Maren and I both laugh at Nate’s dry wit. He’s so rarely let me see it since I returned to the island. It feels like we’re both sinking back into the people we once were, which is dangerous for so many reasons.

“I love this house,” Maren says, staring out at the sea beside me. “Nate, I never understood—”

“Don’t you have somewhere to be?” Nate asks.

“I never understood,” Maren says, giving him a pointed look, “why you lived in Tucker’s Town at the boring family apartment when you could have lived out here.”

“Lived out here?” I say with a little laugh. “Was it for sale?”

“Yes,” Maren says, and I can see Nate running a hand through his hair in frustration behind her. “Ten years ago. When he bought it.”

“You own this?” I say, unable to hide my surprise.

“It was a good deal,” he says, and he’s closed up again, as though admitting anything else is too much.

“A good deal,” Maren says with a scoff. “Whatever you say, big brother. Kinsley!” She turns and calls into the house. “We’re pulling out in five.”

Kinsley’s feet are loud on the stairs, echoing through the rooms and out the door to us. “I’m here!” she says. “I don’t have any of my stuff, though. They picked me up from school.”

“We have extras at the palace. Brice is busy today with royal things, so it’s just you and me until practice later. Should we stop in to see the puppies on the way home?”

“Definitely! Can you teach me how to do that leap on the rock wall?”

“Leap?” I ask, my heart kicking.

“Everyone’s harnessed in,” Maren says, guiding Kinsley toward the door. “Totally safe.”

“And amazing to see,” Kinsley calls over her shoulder. “You should see Maren climb!”

Then they’re out the door, and Nate and I are left alone, standing on the porch. We’re staring at each other, and I don’t even know what to say first.

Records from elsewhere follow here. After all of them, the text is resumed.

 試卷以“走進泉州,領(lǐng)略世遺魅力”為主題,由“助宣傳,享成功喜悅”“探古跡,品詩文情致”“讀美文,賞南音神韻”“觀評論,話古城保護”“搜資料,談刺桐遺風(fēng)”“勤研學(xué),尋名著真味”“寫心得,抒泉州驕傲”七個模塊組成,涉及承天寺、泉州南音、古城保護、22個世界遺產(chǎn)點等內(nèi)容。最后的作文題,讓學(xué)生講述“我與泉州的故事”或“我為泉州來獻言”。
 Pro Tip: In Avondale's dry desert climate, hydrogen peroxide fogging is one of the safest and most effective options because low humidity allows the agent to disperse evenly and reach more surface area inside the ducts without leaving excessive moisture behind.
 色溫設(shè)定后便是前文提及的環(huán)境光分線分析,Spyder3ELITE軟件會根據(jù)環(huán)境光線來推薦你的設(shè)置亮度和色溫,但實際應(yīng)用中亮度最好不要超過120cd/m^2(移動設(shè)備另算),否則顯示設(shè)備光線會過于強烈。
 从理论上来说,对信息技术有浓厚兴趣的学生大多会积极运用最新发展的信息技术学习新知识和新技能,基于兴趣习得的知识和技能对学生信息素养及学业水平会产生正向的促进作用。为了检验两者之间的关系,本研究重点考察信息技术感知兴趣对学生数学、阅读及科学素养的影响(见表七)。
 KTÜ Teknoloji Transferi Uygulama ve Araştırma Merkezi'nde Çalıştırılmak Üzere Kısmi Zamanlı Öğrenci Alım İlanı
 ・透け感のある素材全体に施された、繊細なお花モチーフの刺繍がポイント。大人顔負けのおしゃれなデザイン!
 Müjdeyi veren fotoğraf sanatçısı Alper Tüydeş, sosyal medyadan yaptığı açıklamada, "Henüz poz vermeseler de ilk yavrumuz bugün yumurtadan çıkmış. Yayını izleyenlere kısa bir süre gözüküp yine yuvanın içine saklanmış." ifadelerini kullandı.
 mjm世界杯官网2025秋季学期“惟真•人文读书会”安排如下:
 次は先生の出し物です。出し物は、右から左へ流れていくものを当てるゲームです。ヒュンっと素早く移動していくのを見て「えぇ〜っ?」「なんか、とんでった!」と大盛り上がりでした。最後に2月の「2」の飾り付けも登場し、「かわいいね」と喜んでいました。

“Maren really is a great climber,” Nate says as though that’s the most important thing in this moment.

“You bought this house. My house. The house I loved from afar. The house I once told you I’d genuinely murder someone to possess.”

He purses his lips, and he gives a slow nod. “I bought the house.”

“Why?”

He gives a little shrug, but he doesn’t respond.

“No,” I say stepping closer. “I need you to say it.”

“What do you want me to tell you, Hollyn? You knew how I felt about you when you left. I never hid how serious I was about you.”

“But I left,” I say. “And the way I left…”

“Was fucking awful and deeply unfair, yeah. I think we both know that.” He glances away.

“And when this house came up for sale, I couldn’t let it go.

I needed to own it because it reminded me of you, because part of me hoped you’d come back someday.

” When he meets my gaze, his expression is tortured.

It sinks in that Nate bought this house for me . Even though I trampled on his heart, betrayed his trust, ghosted him in the worst way, he never gave up hope that I’d come back, that we’d figure things out.

I close the space between us, throw my arms around his neck, and I kiss him, pouring every emotion I can’t reveal, every word I can’t say into the physical expression of those feelings. Maybe I still can’t keep him, but I’m sure as hell going to give him as much of myself as I can while I can.

He meets my kiss without an ounce of hesitation, and then he lifts me onto the wide, thick stone-and-concrete railing of the porch and steps between my legs. My loose cotton dress is around my thighs, inching up with each kiss.

When Nate’s thumb skims my cheek and I involuntarily flinch, he steps back, examining the bruise that’s formed.

“I’ll never let them hurt you again,” he says. “Whatever I have to do, they’ll never get to you again.”

“This isn’t worth you getting into any trouble,” I say.

“Getting out of trouble is a Tucker specialty.”

Never have truer words been spoken, but I just shake my head. “I’m not worth you getting into trouble.”

“You still don’t get it,” he says gently. “You’re worth everything to me, Hollyn. There is nothing and no one above you. My life, my fortune, they’re nothing without you in it.”